То, что он видел язык, колебало мою веру в дедову слепоту. По-детски я не догадывался, что он, как и всякий взрослый человек, знал, что мальчишка может показать язык. Я бросал его на полдороге. Теперь понимаю, что поступал жестоко. Но как поздно приходит к нам понимание!
Дед шел, стуча батогом по дороге, нащупывая себе путь, высоко нес голову и не просил никого о помощи. Я все же следил за ним издалека, готовый прийти на помощь, если что стрясется. Каким-то образом он находил дорогу домой, ни разу не сбился с пути. И это меня тоже удивляло, и рождалась мысль, что дед хоть немного, да видит. Но он не видел ничего, на ощупь брал ложку, кружку, хлеб.
Если же у нас наступало перемирие, то дед просил:
— Сбегай-ка наломай мне березовых веничков. Да чтоб береза стояла на сухом месте, на взгорке, на ветру, — наставлял он меня. — Выбери, чтоб лист у ей был с копейку. Мерекаешь? Он, лист-то, у ей шершавый, шибко к телу прилипает. А с той, котора у воды растет, — с той лист для бани не годится — большой и склизкий, как намыленный, по телу скользит, не дерет. А вот, знаешь, растет в Расее дерево, можевеловик прозывается — вот с него веник дак веник! Всем веникам веник! Я бывал в Расее, знаю. У нас ето дерево не растет, морозы его бьют. Вот тем веничком, как рашпилем! Забористо. — С детства втолковывал мне дед банные премудрости, считая, как и всякий русский человек, что баня лечит от всех хворей лучше докторов.
Сам он никогда не болел и в старости был красив, высок, крепок. Голова стрижена под машинку. И эта пегая голова удивляла меня. Среди черной отрастающей щетины было много серебряных пятен разной величины — от копейки до пятака. И я не мог понять, почему дед так странно седеет. Только позднее я узнал, что эти пятна — проломы на его голове. В молодости его убивали несколько раз. Он был красавцем и большим ходоком по женской части. Оскорбленные мужья, выдернув колья из плетней, проламывали ему голову. А поскольку в деревне было немало понесших урон в семейных устоях, то бил и его толпой и бросали чуть живого под забором. Бабка моя — тогда еще молодая и по-крестьянски сильная— тащила благоверного на себе домой. Он отлеживался и уезжал в город на заработки. Плотник был —другого такого поискать.
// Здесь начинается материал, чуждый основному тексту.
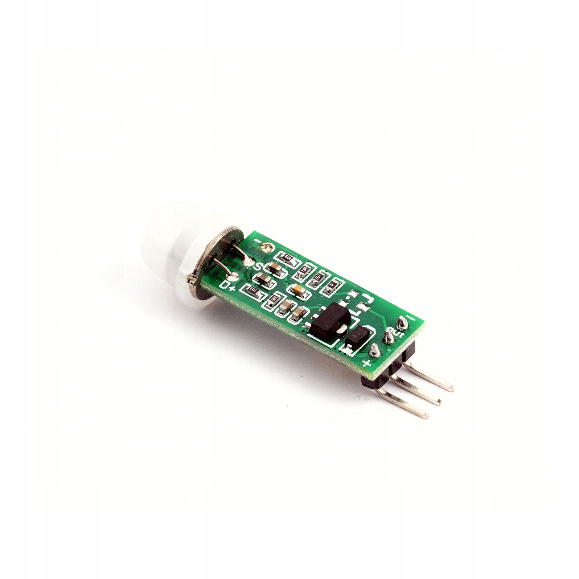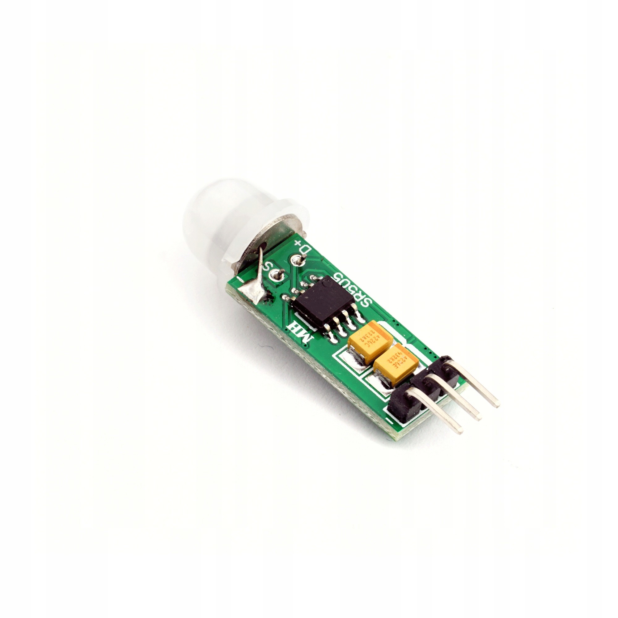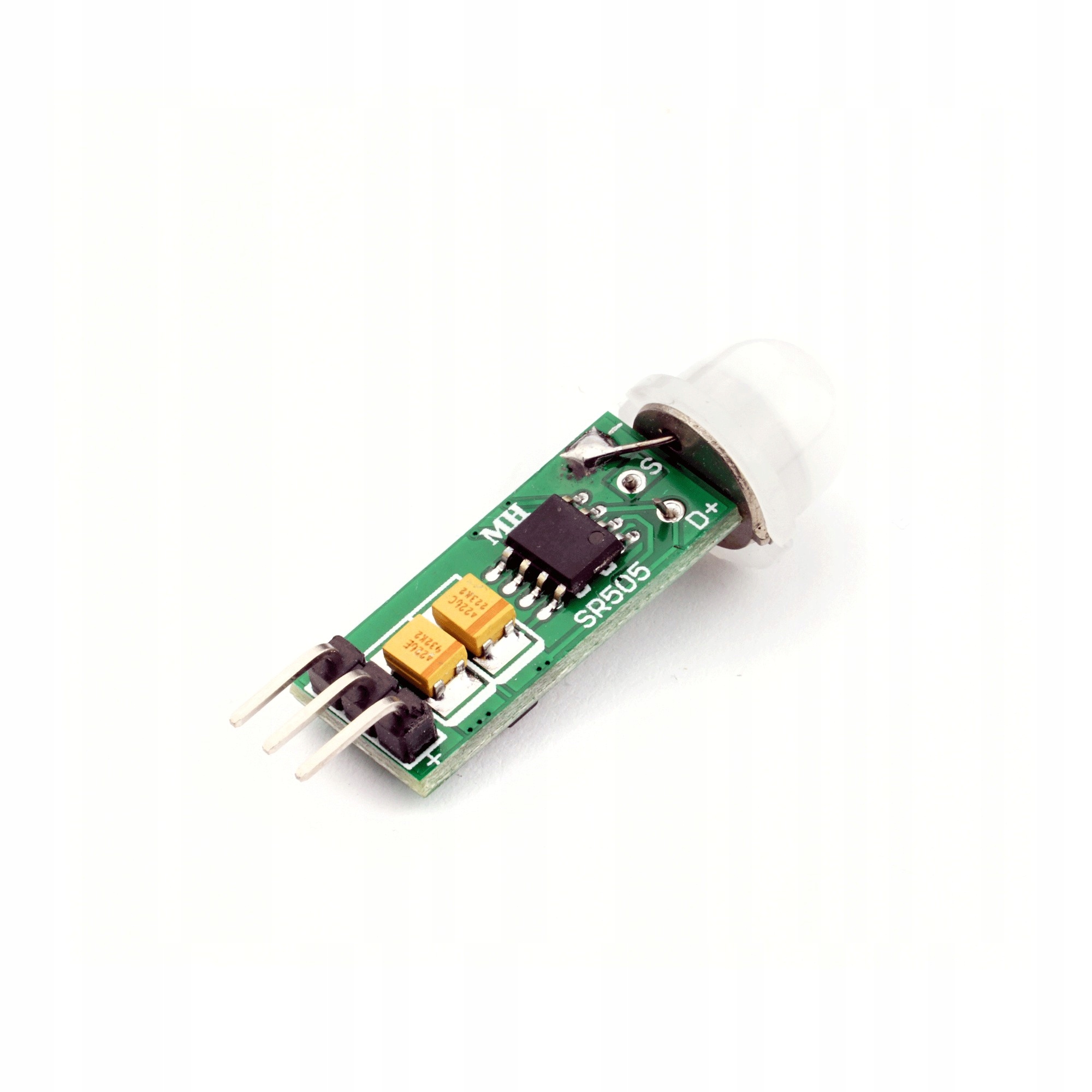 Модуль датчика руху PIR HC-SR505 у мініверсії. Пасивний інфрачервоний датчик. Він працює в широкому діапазоні напруг від 4,5 В до 20 В і проводить вимірювання на відстані до 3 м з кутом огляду 100°. Він має цифровий вихід, який стає високим, коли виявлено рухомий об’єкт.

Через полгода возвращался. На лошади с телегой, с гармошкой, в городской шляпе, иногда и с часами, выпустив серебряную цепочку по животу. Еще издали, с околицы, орал: «Анна, жарь рыбу!» Рыбу он мог есть с утра до ночи и среди ночи тоже. Громоподобный бас его встряхивал деревню, и жители в радостном возбуждении оживали: раз Петр Яковлевич вернулся, то быть гулянке — дым коромыслом.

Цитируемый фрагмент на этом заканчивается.